The Rise and Fall of the Dinosaurs: The Untold Story of a Lost World, by Steve Brusatte
This book invites us to travel into the past. The author of this book is a leading fossil expert, a young paleontologist specialized in evolutionary biology who has done field work in many countries and has already discovered 15 species of vertebrate fossil. The first thing I learned is that we are living through the golden age of paleontology and that a new species of dinosaurs is being found on average once a week. No wonder this author has many things to tell.
This book charts the origins of dinosaurs, their flourishing, diversity and extinction. Dinosaurs ruled the earth for 150 million years and disappeared of the surface of the earth 66 million years ago (Homo Sapiens have existed for 200,000 years). The asteroid that crashed into the Yucatan peninsula in Mexico being the main reason for their extinction. The author introduces us to the evolution on the field of paleontology. Technology is leading to new discoveries: CAT scans that let access information hidden inside the bones helping scientists to understand how dinosaurs behaved; animation software to study how dinosaurs moved, how fast they could run, how hard they could bite; and science coding which permits building complex family trees. The book explains how feathers are the primary evidence that birds evolved from dinosaurs. There are thousands of fossils of dinosaurs covered in feathers, found on dinosaurs buried very quickly so that they didn’t have the time to decompose.
This is a gripping book, highly readable, entertaining and informative. There are many books about dinosaurs for children but not that many books for adults and here we are introduced to the latest theories on dinosaurs and how they rose to dominate the planet.

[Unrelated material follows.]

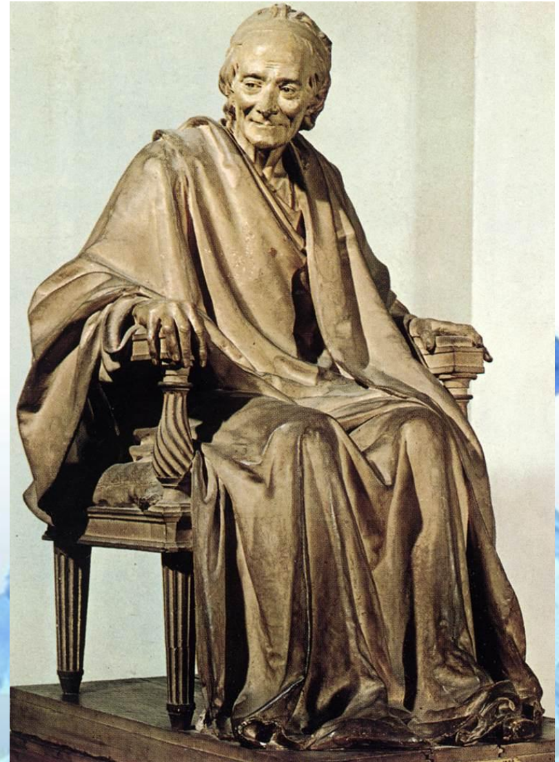
Жан Антуан Гудон. Вольтер 1779-1781 «Комеди Франсез», Париж
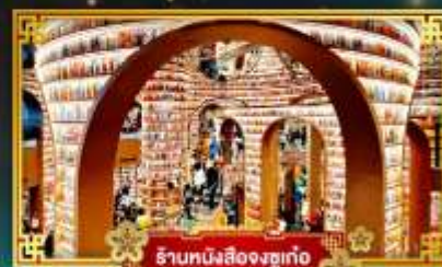
ร้านหนังสือจงชวเก้อ

Guest blogger: Olga Ospina was born in Colombia and has been living in France since 1995. She has been holding a book since she learn to read. She discovered early Enid Blyton, Karl May, Jules Verne and L.M. Montgomery. Her voracious tendencies pushed her also to read encyclopedias, yellow pages, cereal boxes and shampoo bottles. When not reading, she’s a business lawyer and she has worked in law firm, private sector and government, and she’s passionate about infrastructure and transportation issues. As a Library volunteer, her insatiable appetite for reading is invaluable to the Collections team, as she reads an abundance of book reviews in print and online, to ensure we’re up-to-date in our orders!